The International Criminal Court starts its second trial Tuesday, focusing on a massacre that left more than 200 people dead and laid waste to their village in eastern Congo in 2003.Germain Katanga and Mathieu Ngudjolo are charged with three crimes against humanity and seven war crimes, including murder, rape, sexual enslavement and pillage for allegedly commanding the fighters responsible for the attack.
Prosecutors say they led two mobs of child soldiers and older militiamen who destroyed the village of Bogoro in Congo's mineral-rich Ituri province on Feb. 24, 2003, hacking to death many of their victims with machetes.
Women were raped and killed or taken as sexual slaves by the attackers, according to the indictment.

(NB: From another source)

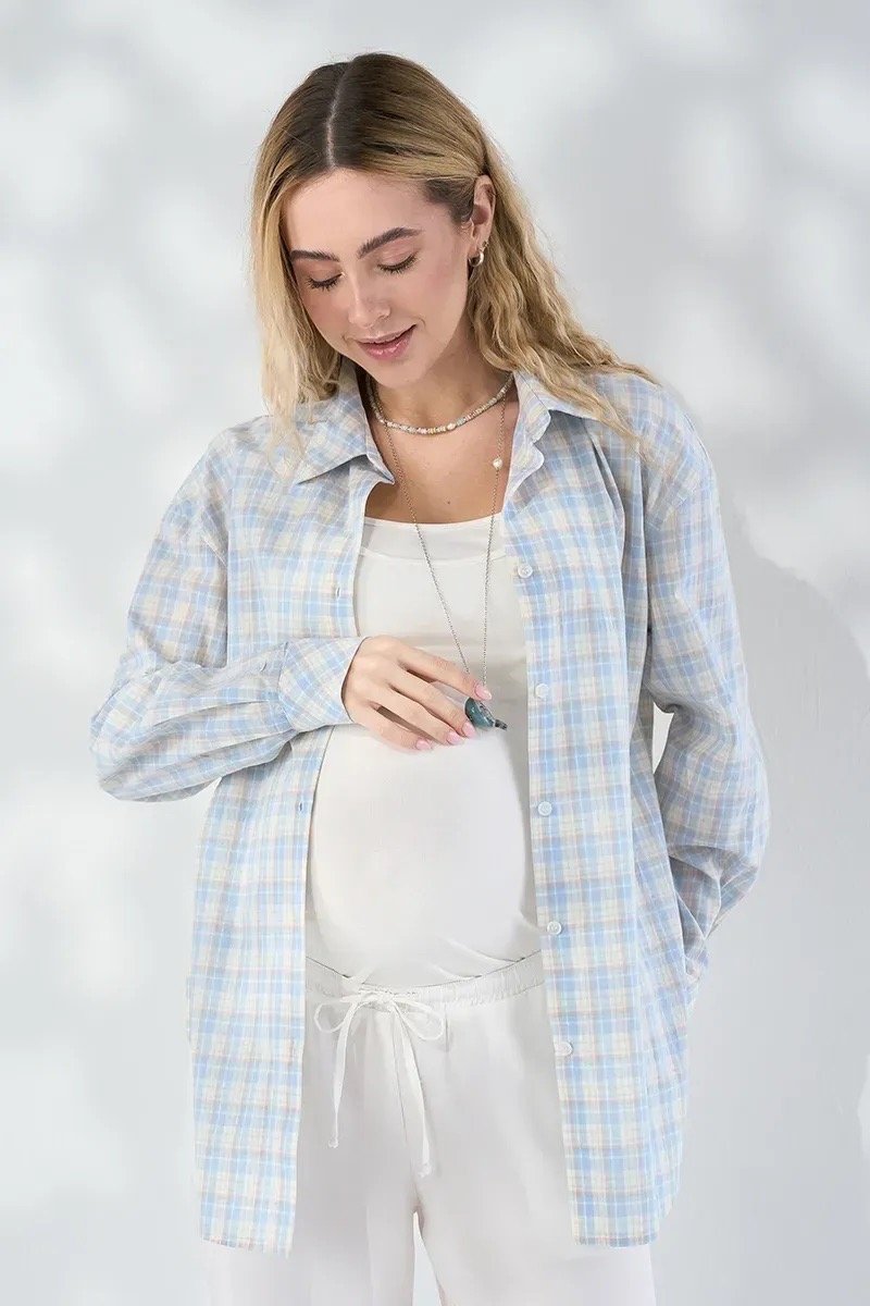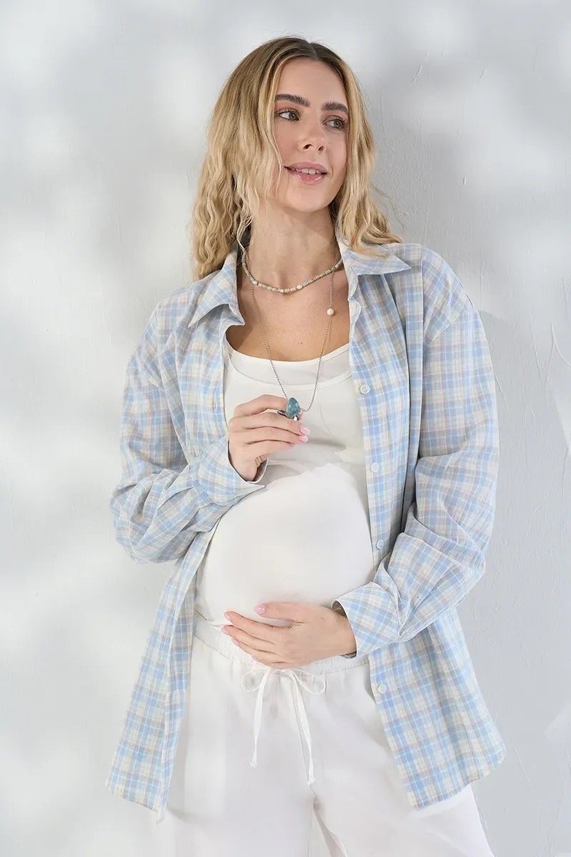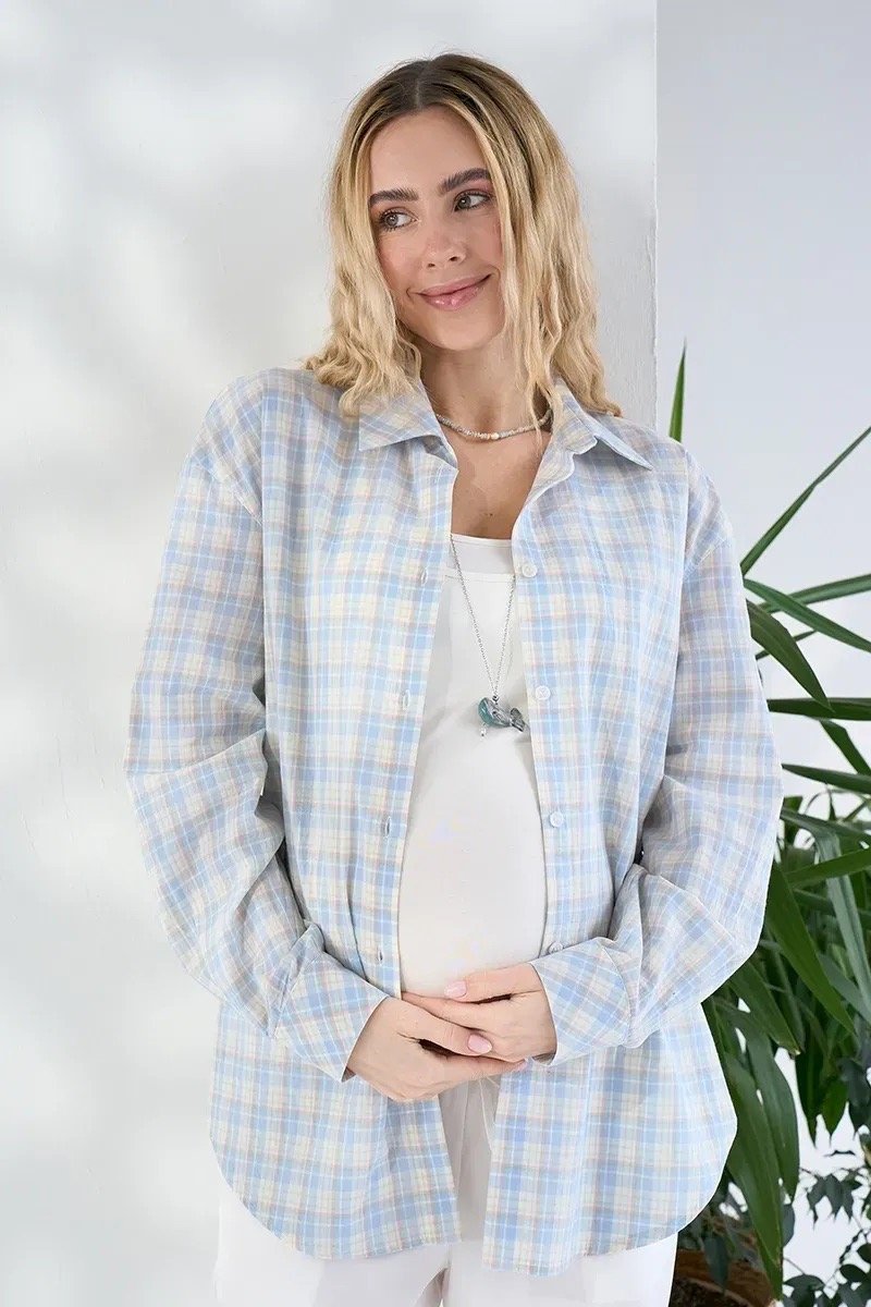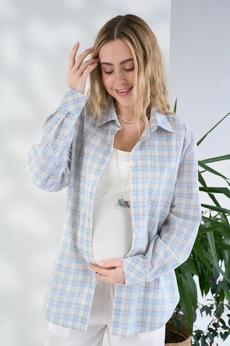 Картата сорочка з вареної бавовни для вагітних та годуючих — блакитно-молочна клітинка

Fidel Nsita Luvengika, representing hundreds of victims, said Monday establishing the truth will allow them to mourn slain family members.
"Many victims don't know where their children are buried," he told reporters.

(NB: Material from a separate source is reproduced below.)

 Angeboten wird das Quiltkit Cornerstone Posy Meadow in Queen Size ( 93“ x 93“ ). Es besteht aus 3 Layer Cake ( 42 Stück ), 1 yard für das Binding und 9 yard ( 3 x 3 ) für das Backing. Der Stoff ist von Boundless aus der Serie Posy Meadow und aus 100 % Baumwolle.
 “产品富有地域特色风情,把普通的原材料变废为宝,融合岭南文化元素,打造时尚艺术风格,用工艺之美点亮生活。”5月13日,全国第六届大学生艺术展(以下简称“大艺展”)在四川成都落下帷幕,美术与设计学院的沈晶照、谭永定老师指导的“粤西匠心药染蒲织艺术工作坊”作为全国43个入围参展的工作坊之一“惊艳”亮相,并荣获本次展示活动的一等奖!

The court's rules allow victims to take part in trials and claim compensation for their suffering.
Victims in this case also include 10 former child soldiers forced qto take part in the attack. Their Belgian lawyer, Jean-Louis Gilissen, said he hopes the trial will allow them to rebuild their shattered lives.
"The reparation they are seeking is simply to have a future," he said.

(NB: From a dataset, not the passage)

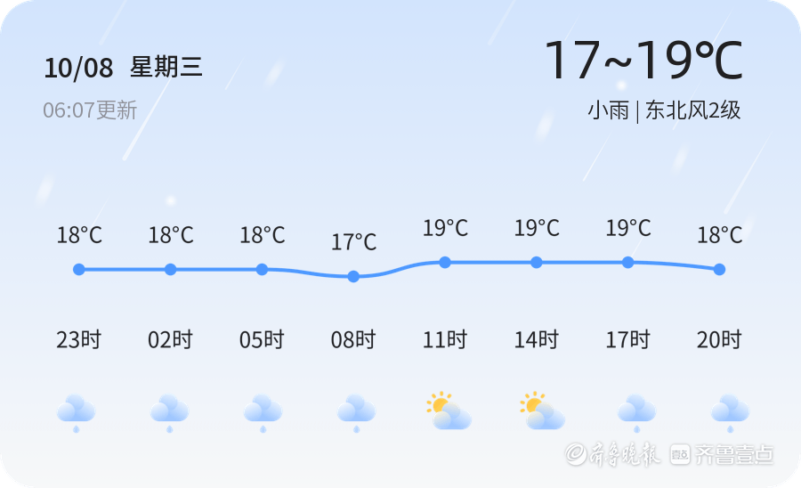 今天是10月8日,农历八月十七,也是二十四节气中的寒露节气。今日聊城迎来小雨天气,气温在17℃至19℃之间,东北风2级,空气湿度高达92%,PM2.5浓度为49,空气质量良好。市民出行时建议携带雨具,注意防寒保暖。

The court's chief prosecutor, Luis Moreno Ocampo, said the Ituri conflict was part of a civil war that raged in Congo in the aftermath of neighboring Rwanda's 1994 genocide.
Prosecutors plan to call 26 witnesses to support their case. In an indication of the ongoing climate of fear in Ituri, 21 of them will testify with their identities shielded from the public.
Prosecutors say Katanga, 31, led the Patriotic Resistance Force in Ituri, while Ngudjolo, 39, commanded the National Integrationist Front. Both are expected to enter pleas of not guilty.
One of Katanga's attorneys, Andreas O'Shea, said his client, "shares and sympathizes with the grief of the victims."
Ngudjolo's lawyer Jean-Pierre Kilenda said his client rejects the charges. "At no time did he concoct any criminal scheme to raze Bogoro village," Kilenda said.
The only other trial under way at the court, which began operations in 2002, also focuses on an alleged Congolese warlord active in Ituri, Thomas Lubanga, who is charged with recruiting and using child soldiers.
Former Congolese Vice President Jean-Pierre Bemba is in custody and is scheduled to go on trial next year for alleged crimes in the Central African Republic.
Others indicted by the court include Sudan's President Omar al-Bashir and two other Sudanese charged with atrocities in Darfur and the leaders of brutal Ugandan rebel group the Lord's Resistance Army. A former Lubanga supporter, Bosco Ntaganda, also has been indicted but remains at large in Congo.